In a submission responding to AFCA’s proposed approach to determining compensation in complaints involving Financial Advisers and Managed Investment Schemes, the FAAA has made clear that AFCA should consider advisers’ negative perceptions and seek to address the issue.
Providing background to AFCA, the FAAA submission states:
“The practical reality is that a very small percentage of advisers have experienced a complaint that proceeds to AFCA. Based on AFCA matters that proceeded to a decision in the 2022/23 year, it is likely that less than 1% of financial advisers were impacted by this experience.
“Despite the very limited exposure to the AFCA complaints process, many advisers have a perception that the process is very much biased in favour of the consumer, and that when a product fails, advisers are often the last party standing and thus bear a disproportionate share of the cost of complaints.

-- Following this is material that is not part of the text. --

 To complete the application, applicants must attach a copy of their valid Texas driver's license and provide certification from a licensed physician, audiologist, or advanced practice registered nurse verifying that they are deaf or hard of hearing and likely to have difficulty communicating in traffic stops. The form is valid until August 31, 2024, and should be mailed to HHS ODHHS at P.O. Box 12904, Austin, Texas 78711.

Financial advisers predominantly work in or operate small businesses, and as a result, losing a case at AFCA can have a huge financial impact on them (despite the contribution from PI insurance, given increasingly large deductible levels). Having a matter go to AFCA can also cause a great deal of stress and reputational damage, regardless of the outcome.”
“For all these reasons, it is important that documents like the draft approach provide as much context as possible and avoid the inclusion of statements that will be misunderstood. As it stands, how AFCA operates is not well understood by the advice profession, so a high level of understanding should not be assumed. It is certainly better for all stakeholders that advisers have a much better understanding of the AFCA complaints process and confidence in how AFCA operates. We have set out below, some suggested changes to improve the meaning and clarity of the draft approach to assist in achieving this outcome.”

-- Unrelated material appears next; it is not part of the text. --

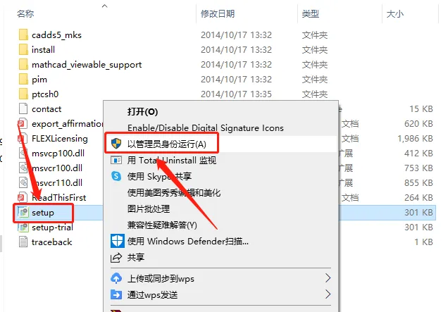 14.鼠标右击【setup】安装程序,选择【以管理员身份运行】。

The submission goes on to state that the AFCA discussion paper references the following matters that are not apportionable at law in relation to advice complaints:
- Failure to act in the clients best interests
- Inappropriate advice
- Failure to prioritise the client’s interests.
“As these matters make up the bulk of advice complaints, there would be very few advice complaints where the loss would be apportionable under the law. This feeds the perception that all compensation payable in an AFCA complaint will be borne by the adviser, regardless of fault by another party. It is vital that the application and scope are clear in AFCA’s approach to complaints involving financial advice and MISs,” it said.